I don’t think it is micro-optimization because it is one line of code. It is micro-optimization because we are comparing multiplication performance overhead in what is likely adjacent to much more comprehensive render or update routine that no one has started talking about.
Ofcourse you can alter the context of anything to counter an argument, but I am speaking to the application here.
@BurntPizza I agree with the sentiment, but sometimes you write a major portion of your game engine, find out it does not scale as well as it did with your test levels did once other features are added in, and then have to do a complete overhaul of your engine from scratch. :emo: It is good advice, but like all rules you eventually learn some exceptions. I would not give new programmers the opposite advice, but I also would never tell them not to optimize disregard design decisions of a section of code they know will be hot. (Though the reason the rule exists is because people are notoriously bad at estimating what parts will eventually be a bottle neck.)
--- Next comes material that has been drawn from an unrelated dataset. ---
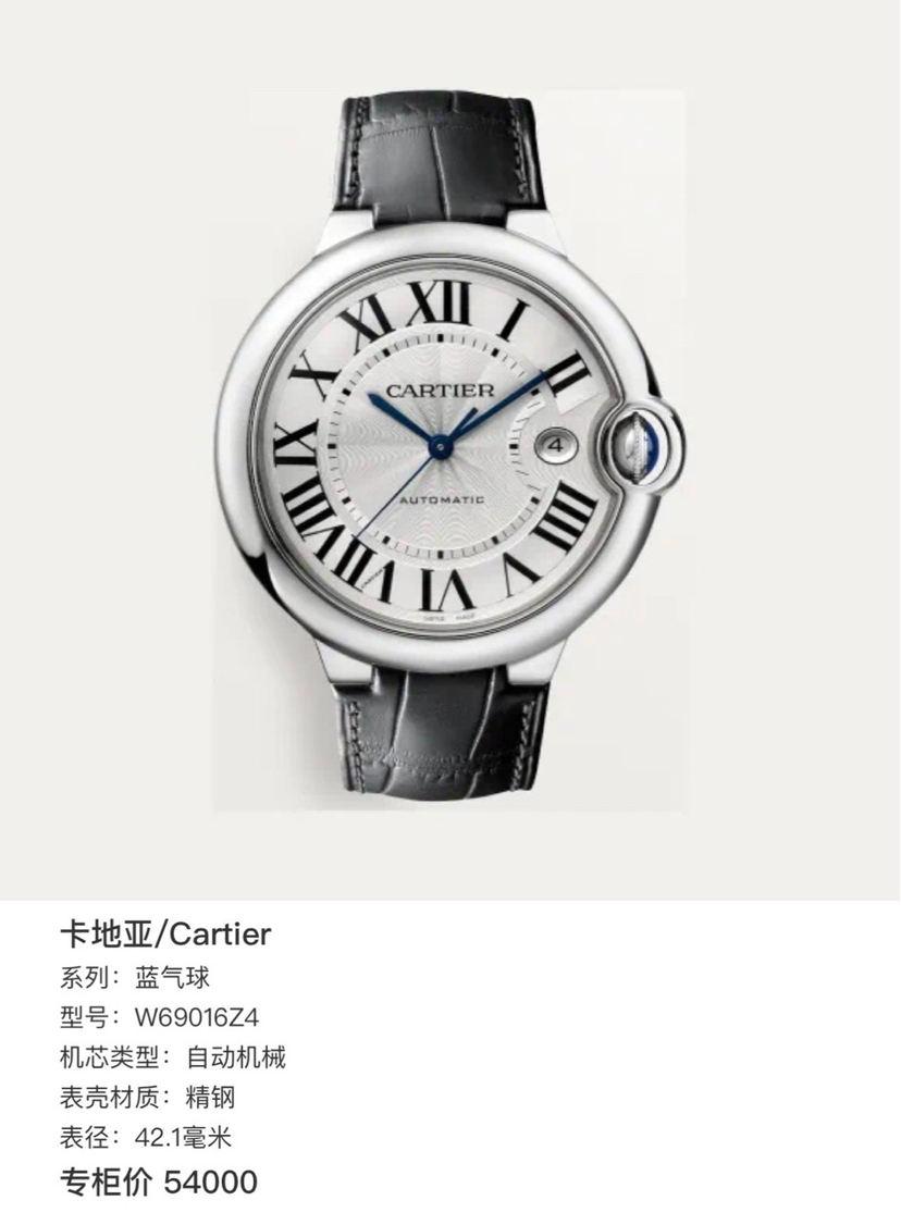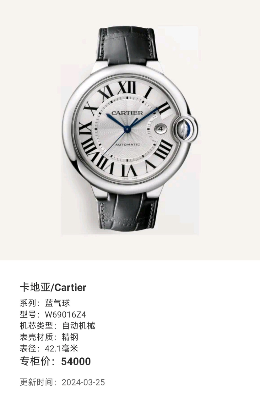 卡地亚蓝气球BALLON BLANCW69016Z4机械男性
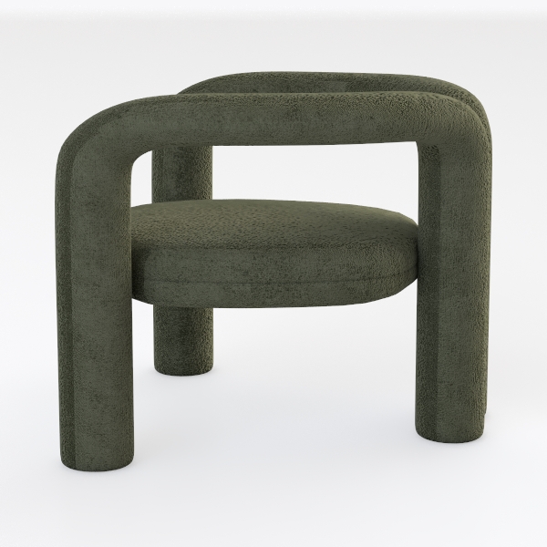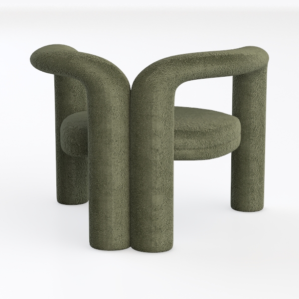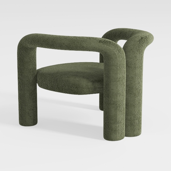 The textured, plush upholstery in a warm sage green hue wraps around the structure, inviting touch with its velvety softness. Light catches the fabric’s subtle pile, casting gentle shadows that enhance the chair’s three-dimensional depth, while the muted green tone exudes a calming, earthy energy that complements diverse color palettes.

This quote from Wikipedia [quote]A better approach is therefore to design first, code from the design and then profile/benchmark the resulting code to see which parts should be optimized. A simple and elegant design is often easier to optimize at this stage, and profiling may reveal unexpected performance problems that would not have been addressed by premature optimization.
[/quote]
would not be complete without this one:
[quote]In practice, it is often necessary to keep performance goals in mind when first designing software, but the programmer balances the goals of design and optimization.
[/quote] @Jeremey I agree. My answer was limited to the context of opiop65’s question. Yours is the same caveat I gave opiop65.